WHAT TO DO. Where a line of the records holds the string "with", copy that line.

EXTRACTED INFORMATION.
┌──
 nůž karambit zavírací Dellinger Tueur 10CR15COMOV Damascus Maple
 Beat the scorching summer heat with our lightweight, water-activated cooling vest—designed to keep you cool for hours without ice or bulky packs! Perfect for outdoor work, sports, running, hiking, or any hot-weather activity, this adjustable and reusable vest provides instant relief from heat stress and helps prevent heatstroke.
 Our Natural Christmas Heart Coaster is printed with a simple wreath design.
└──
┌──
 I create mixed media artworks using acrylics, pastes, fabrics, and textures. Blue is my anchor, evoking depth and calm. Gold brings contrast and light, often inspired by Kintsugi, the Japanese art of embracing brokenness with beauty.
└──
RESULT OF THIS EXERCISE.
 Beat the scorching summer heat with our lightweight, water-activated cooling vest—designed to keep you cool for hours without ice or bulky packs! Perfect for outdoor work, sports, running, hiking, or any hot-weather activity, this adjustable and reusable vest provides instant relief from heat stress and helps prevent heatstroke.
 Our Natural Christmas Heart Coaster is printed with a simple wreath design.
 I create mixed media artworks using acrylics, pastes, fabrics, and textures. Blue is my anchor, evoking depth and calm. Gold brings contrast and light, often inspired by Kintsugi, the Japanese art of embracing brokenness with beauty.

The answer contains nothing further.